In New York, the Dow Jones industrial average was up 297.01 points at 41,393.78. The S&P 500 index was up 30.26 points at 5,626.02, while the Nasdaq composite was up 114.30 points at 17,683.98.

The S&P/TSX composite index closed up 93.51 points at 23,568.65.

While last week saw a “healthy” pullback on weaker economic data, this week investors appeared to be buying the dip and hoping the central bank “comes to the rescue,” said Petursson.

Next week, the U.S. Federal Reserve is widely expected to cut its key interest rate for the first time in several years after it significantly hiked it to fight inflation.

But the magnitude of that first cut has been the subject of debate, and the market appears split on whether the cut will be a quarter of a percentage point or a larger half-point reduction.

Petursson thinks it’s clear the smaller cut is coming.

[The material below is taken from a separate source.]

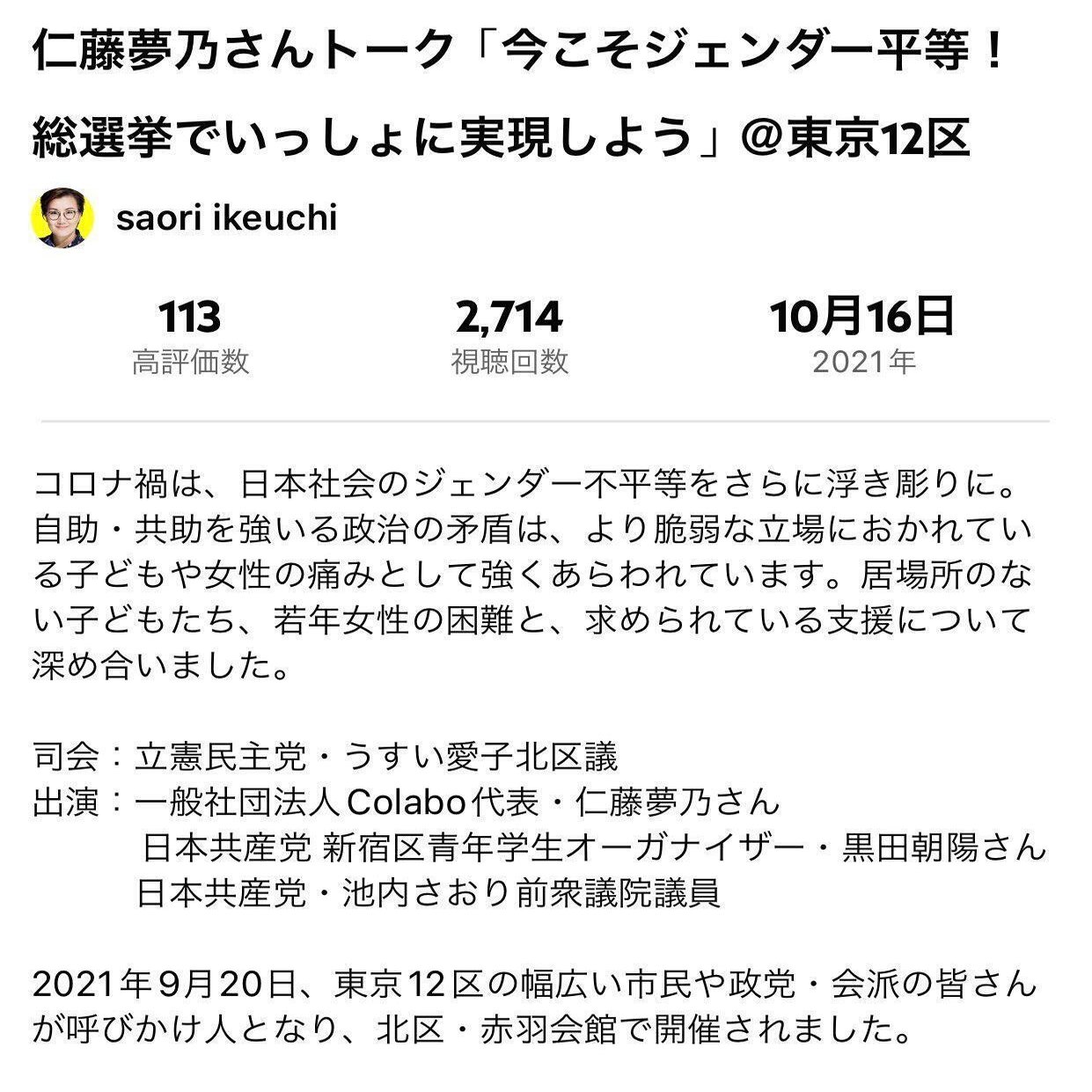 空「なんならこっちの共産党池内さおりさんとのColaboとして児童問題をトークしたイベントだと、最後のコメントで”池内さんをまず国会に戻すこと。ぜひみなさんも知り合いにも呼びかけ次の選挙で票を入れてもらえるようにがんばってもらいたい”って言ってるからね」

Economic data recently hasn’t been great, but it hasn’t been that bad either, he said — and inflation may have come down significantly, but it’s not defeated just yet.

“I think they’re going to be very steady,” he said, with one small cut at each of their three decisions scheduled for the rest of 2024, and more into 2025.

“I don’t think there’s a sense of urgency on the part of the Fed that they have to do something immediately.

A larger cut could also send the wrong message to the markets, added Petursson: that the Fed made a mistake in waiting this long to cut, or that it’s seeing concerning signs in the economy.

It would also be “counter to what they’ve signaled,” he said.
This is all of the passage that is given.